The new study isn't the first time to make the glutamate-OCD connection in a mouse. In August 2007, scientists led by neurobiologist Jeffrey Welch at Duke University Medical Center engineered mice with a different gene knocked out, this one responsible for producing a sort of protein scaffold found in synapses involved in glutamate transmission — and is highly expressed in the striatum. Here too the altered mice engaged in compulsive behavior, and here too Prozac-type drugs helped relieve the symptoms.
Mouse models of OCD, however basic, could someday help develop better treatments for people — especially those who do not respond well to medication or to cognitive-behavioral therapy. By looking for protein markers of Slitrk5 in the blood, or hyperactive behaviors consistent with the form of OCD linked to that gene, doctors could begin therapy earlier and target it more precisely. "You could break OCD into subsets the same way pneumonia was originally broken into bacterial or viral categories," Lee tells TIME.

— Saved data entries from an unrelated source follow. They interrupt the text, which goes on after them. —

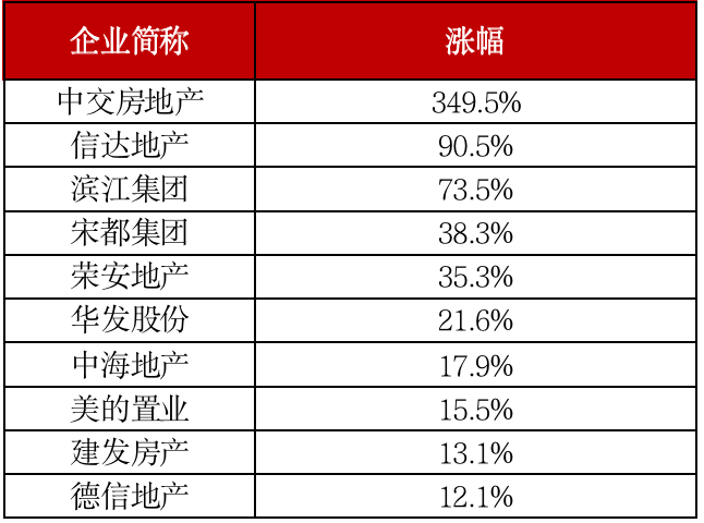 表:86家樣本房企年初至今股價(jià)漲幅前十排名
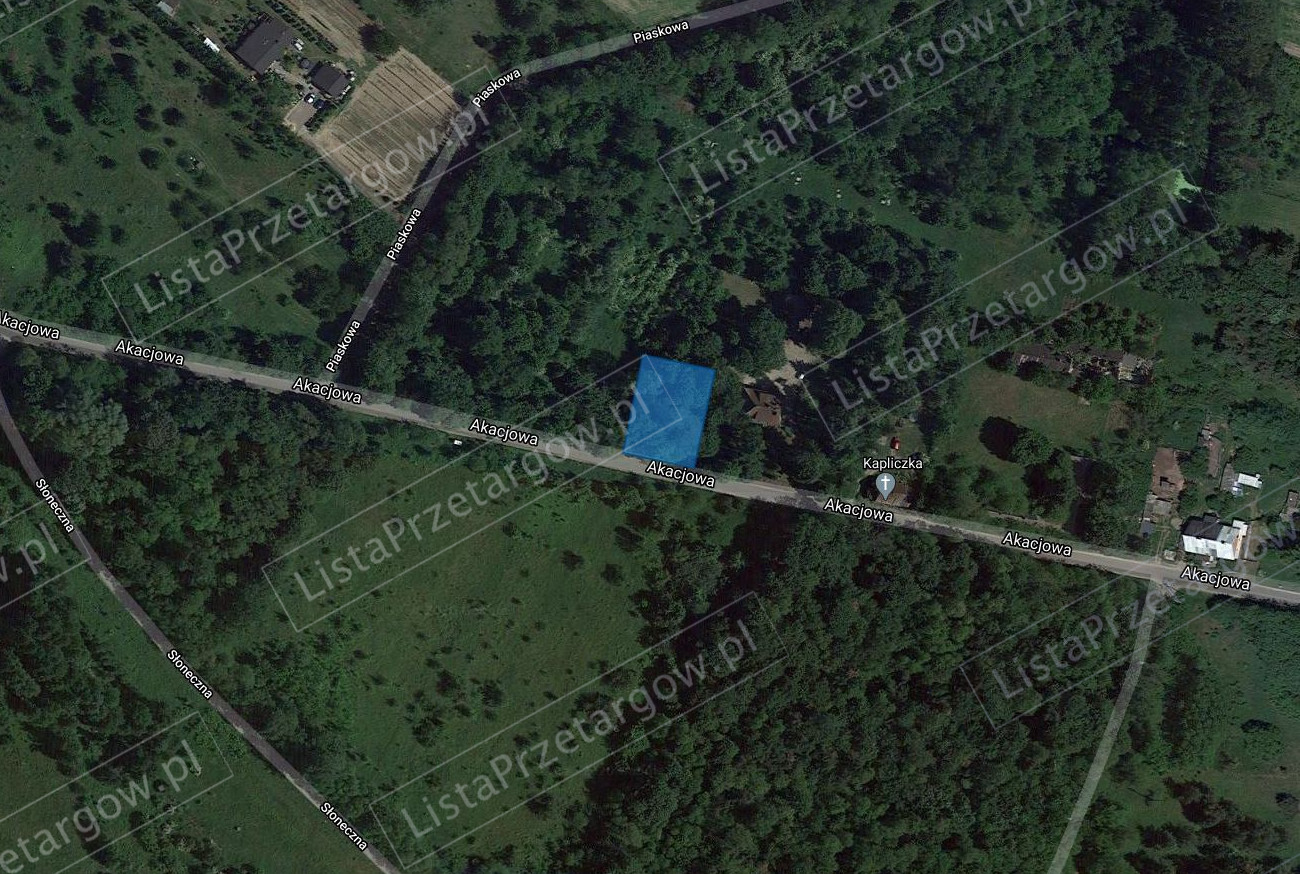 Nieruchomość niezabudowana w kształcie prostokąta. Teren częściowo zadrzewiony i zakrzewiony. Dojazd bezpośrednio z drogi publicznej ul. Akacjowej.
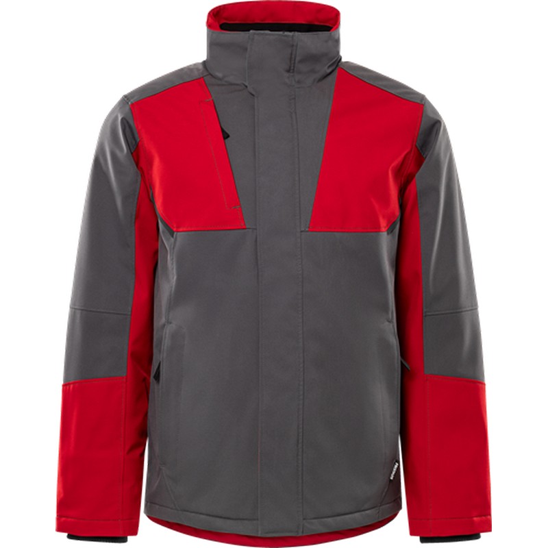 Softshell vinterjacka stretch 4931 GSW. Delvis återvunnet material / Vindtät och vattenavvisande med andasfunktion / Material med 4-vägsstretch / Quiltfoder / Fleecefodrad krage / Dragkedja ända upp i kragen under frontslå med tryckknappar / Bröstficka med dold dragkedja / 2 framfickor med dold dragkedja / Innerficka / Förböjda ärmar / Invändig ribbmudd / Dragsko i nederkant / Förlängd rygg / Mörkgrå reflexdetaljer / Dragkedja i foder för transfer / Vattenpelare > 3.000 mm / Godkänd enligt EN 342 / OEKO-TEX®-certifierad.

It may be possible, then, to treat the right subset by developing a drug that neutralizes or in some other way alters the expression of the Slitrk5 protein. "We could deliver this through the blood," says Rafii. "We can talk to the neuronal cell by using a surface receptor." Even if that didn't work, the protein is not an end in itself. The way it interacts with cells produces other molecules further downstream that could themselves be neutralized or blocked.
None of this, of course, makes much difference to the mice, who rarely develop anything like OCD unless scientists fool with their genes in the first place. But for the 3 million adults and 500,000 children who suffer from the condition in the U.S., any new glimmer — no matter the source — is a welcome one.